• [Supplied data]
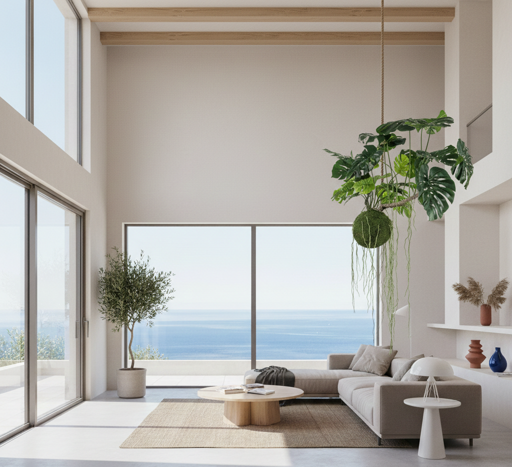 Una kokedama colgante diseñada para ser protagonista, aportar elegancia y transmitir la sensación de naturaleza viva, sin complicaciones. Ideal para proyectos decorativos que requieren piezas extraordinarias.
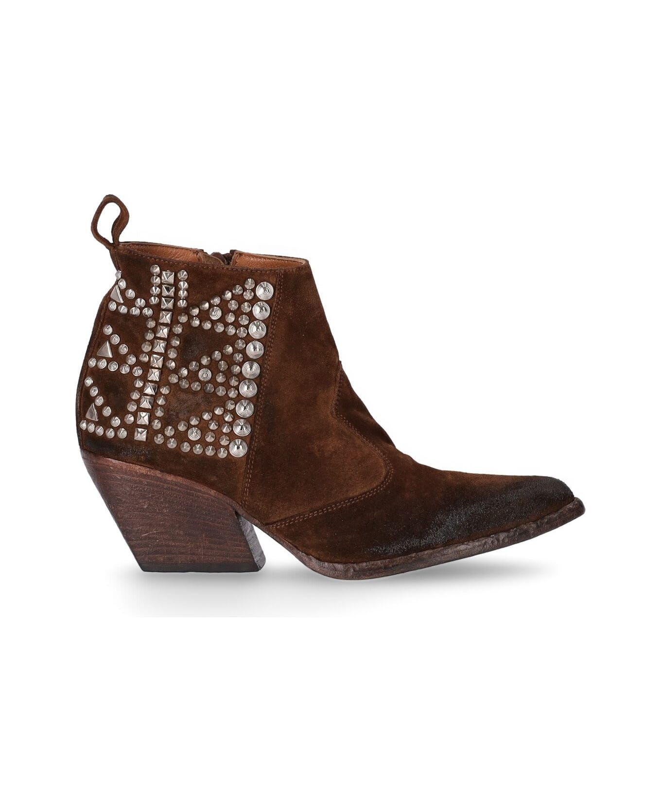 Texan ankle boot by Elena Iachi made of brown suede with vintage effect processing. Metal studs applied on the side, soft leather interior and zip closure. Leather sole, 7 cm heel height.
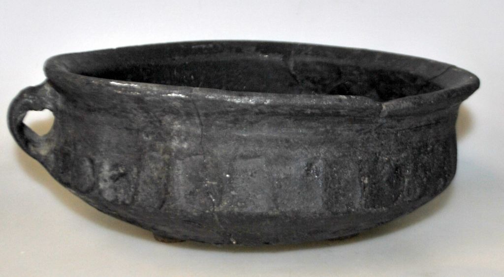Keltisk jernalder, Øreskål. Danmark. Jordfund. Med dekoration på siderne. Sort ler. Med tre små ben. Repareret. Dia.: 22 cm. H: 9 cm.

• [What to do] The expected output is the full data above, reproduced exactly with no images.

• [Response for this exercise]
 Una kokedama colgante diseñada para ser protagonista, aportar elegancia y transmitir la sensación de naturaleza viva, sin complicaciones. Ideal para proyectos decorativos que requieren piezas extraordinarias.
 Texan ankle boot by Elena Iachi made of brown suede with vintage effect processing. Metal studs applied on the side, soft leather interior and zip closure. Leather sole, 7 cm heel height.
Keltisk jernalder, Øreskål. Danmark. Jordfund. Med dekoration på siderne. Sort ler. Med tre små ben. Repareret. Dia.: 22 cm. H: 9 cm.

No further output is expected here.